Obiettivo del progetto è mettere in rete banche dati europee e non che utilizzano criteri analoghi di qualità e coerenza metodologica per la raccolta e gestione delle informazioni sull’impatto di prodotti e servizi sull’ambiente. Un progetto necessario, in considerazione della consistente quantità di dati e parametri da considerare secondo l’approccio dell’Lca: si va dall’estrazione delle materie prime al processo produttivo vero e proprio, fino al riutilizzo e allo smaltimento di rifiuti. Il processo prevede la valutazione per ciascuno dei passaggi degli effetti dell’intera filiera sulla salute umana, gli ecosistemi e le risorse naturali.
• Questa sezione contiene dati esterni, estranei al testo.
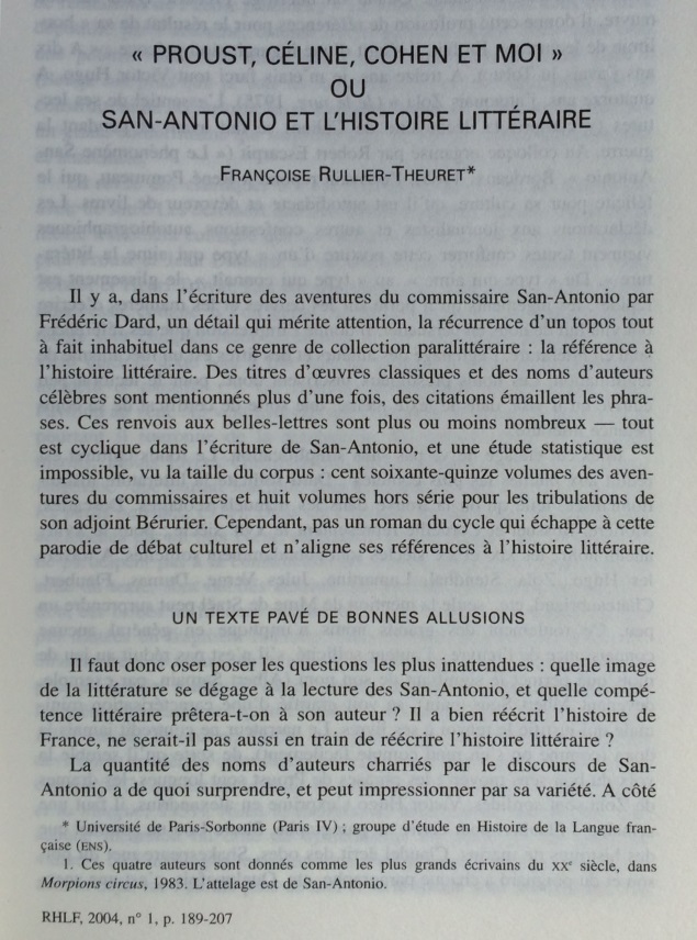Ce numéro contient un long article de 19 pages de Françoise Rullier-Theuret intitulé « Proust, Céline, Cohen et moi » ou San-Antonio et l’histoire littéraire.
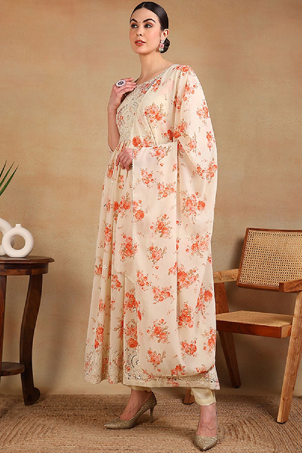 Off White Georgette Floral Printed Flared Anarkali Suit Set

A livello nazionale, il Ministero dell’Ambiente con il supporto tecnico e scientifico dell’Enea ha realizzato un dimostrativo di Banca dati italiana di Lca, per ora riferito al settore agroalimentare, e che costituisce il primo nucleo nazionale del Life Cycle Data Network. L’iniziativa ha già raccolto diverse realtà italiane, attive da tempo nella valutazione della qualità ambientale dei propri prodotti, come Eridania, Granarolo, Coop Italia, San Benedetto, che hanno messo a disposizione i propri dati.